Computer-aided design and analysis of circuits and semiconductor – Nanotechnology related integrated circuit design
Reexamination Certificate
2001-04-19
2003-09-23
Garbowski, Leigh M. (Department: 2825)
Computer-aided design and analysis of circuits and semiconductor
Nanotechnology related integrated circuit design
C716S030000
Reexamination Certificate
active
06625785
ABSTRACT:
BACKGROUND OF THE INVENTION
This invention relates to methods for determining processing parameters of integrated circuits (“IC”s), and particularly to methods for determining variations in integrated circuit processing parameters and the cause thereof.

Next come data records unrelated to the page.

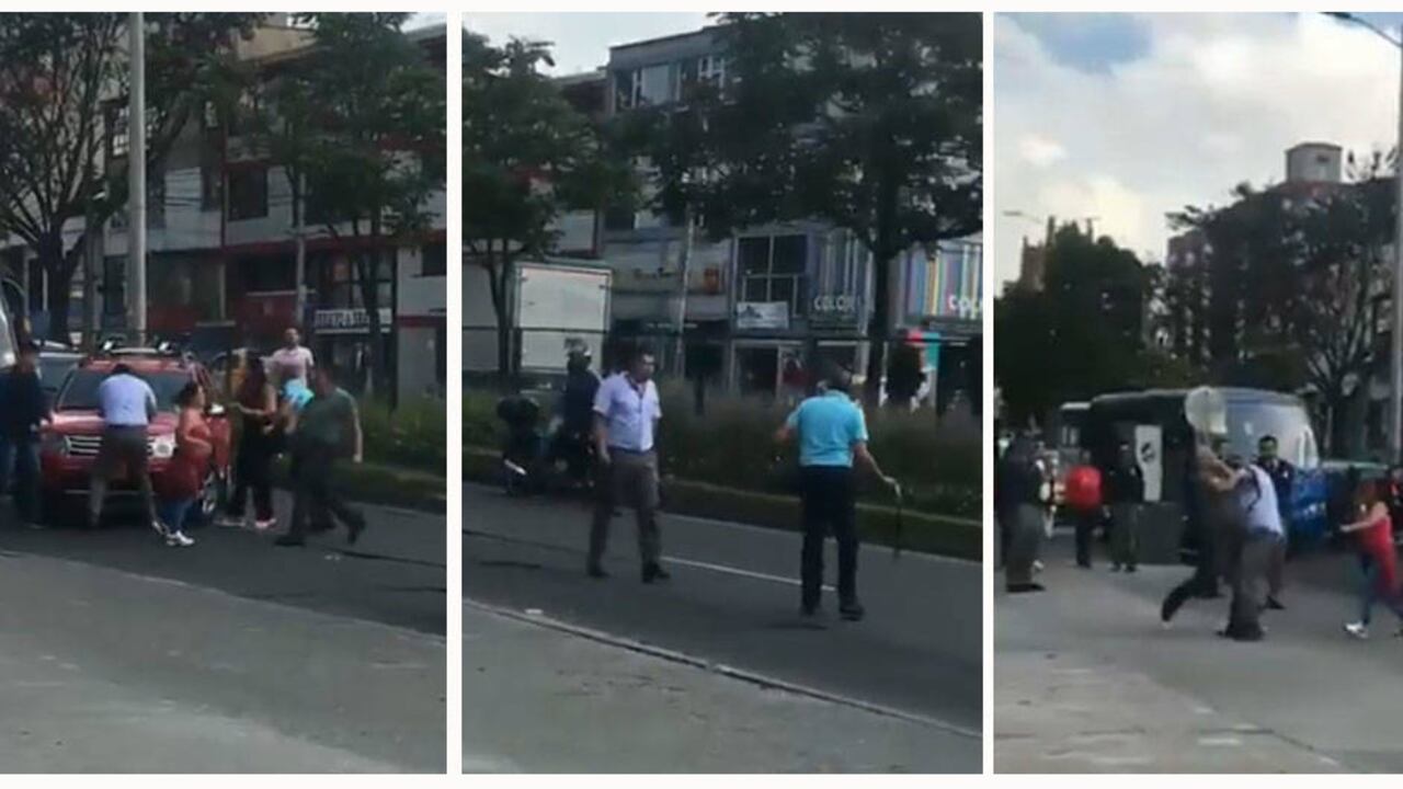 Con correas y palos en las manos, los involucrados, entre ellos una mujer, se agredieron en plena vía. Por la posición en la que quedaron el bus y el carro, la trifulca se habría presentado por un caso de intolerancia después de que los vehículos sufrieron un leve choque, lo que habría desencadenado la pelea.
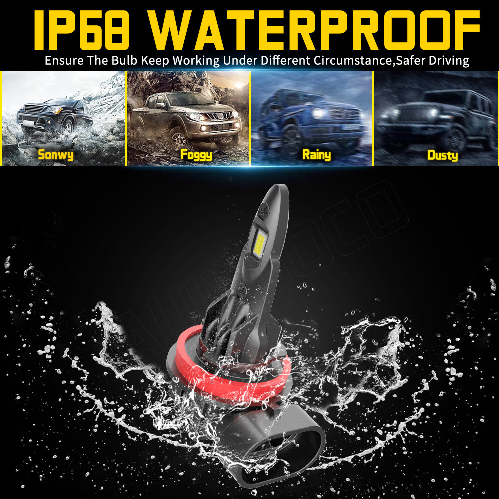 【Ultra-long Life】A52 9005 H11 light bulbs improved the cooling system, the cooling system is more advanced, the upgraded version of the heat dissipation system allows the lights to be used more than 50,000 hours. IP68 waterproof design can ensure your safety on the road in bad weather.
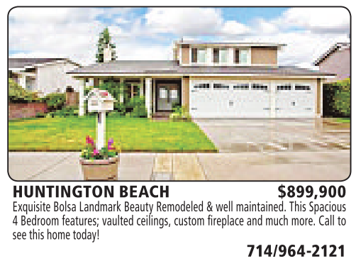 HUNTINGTON BEACH $899,900 Exquisite Bolsa Landmark Beauty Remodeled &well maintained. This Spacious 4Bedroom features; vaulted ceilings, custom fireplace and much more. Call to seethis home today!

Analog ICs are specified by a set of performance metrics, such as gain, bandwidth, total harmonic distortion, slew rate and the like, which are measured during production and tested against specified limits, called performance specifications, to determine whether the ICs are good or bad. This process is known as specification testing. Analog ICs, in general, have many complex performance metrics that depend on a multitude of device parameters.
Parametric yield loss, that is, the failure of a significant portion of ICs manufactured to pass specification tests due to variations in process parameters, is often a problem in analog IC designs. Usually, a large number of designs are manufactured using the same manufacturing process and the dependencies of the performance of these designs on device parameters are often different. The tuning of the process to improve the yield for one design may adversely affect the yields for other designs. Process shifts over time can also cause a reduction in yield.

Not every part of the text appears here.